__Work task__. Using the listing below, set down each line from the line containing "30번: 나이키 아기" through the line containing "Snygga over-knee stövlar", both ends included, exactly and with nothing added.

__Entries shown__.

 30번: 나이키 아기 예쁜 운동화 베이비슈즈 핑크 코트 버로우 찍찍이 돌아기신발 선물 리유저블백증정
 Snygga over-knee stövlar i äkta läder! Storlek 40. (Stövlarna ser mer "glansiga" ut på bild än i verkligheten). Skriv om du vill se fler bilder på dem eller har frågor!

==

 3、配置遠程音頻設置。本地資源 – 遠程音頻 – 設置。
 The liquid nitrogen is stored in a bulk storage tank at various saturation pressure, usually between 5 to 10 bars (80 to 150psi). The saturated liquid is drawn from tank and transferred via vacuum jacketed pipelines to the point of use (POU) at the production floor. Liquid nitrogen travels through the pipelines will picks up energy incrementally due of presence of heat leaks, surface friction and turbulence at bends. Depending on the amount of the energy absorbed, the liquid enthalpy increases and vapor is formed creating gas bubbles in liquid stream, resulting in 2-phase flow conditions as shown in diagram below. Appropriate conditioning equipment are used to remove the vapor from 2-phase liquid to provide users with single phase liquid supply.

__Task response__.
 30번: 나이키 아기 예쁜 운동화 베이비슈즈 핑크 코트 버로우 찍찍이 돌아기신발 선물 리유저블백증정
 Snygga over-knee stövlar i äkta läder! Storlek 40. (Stövlarna ser mer "glansiga" ut på bild än i verkligheten). Skriv om du vill se fler bilder på dem eller har frågor!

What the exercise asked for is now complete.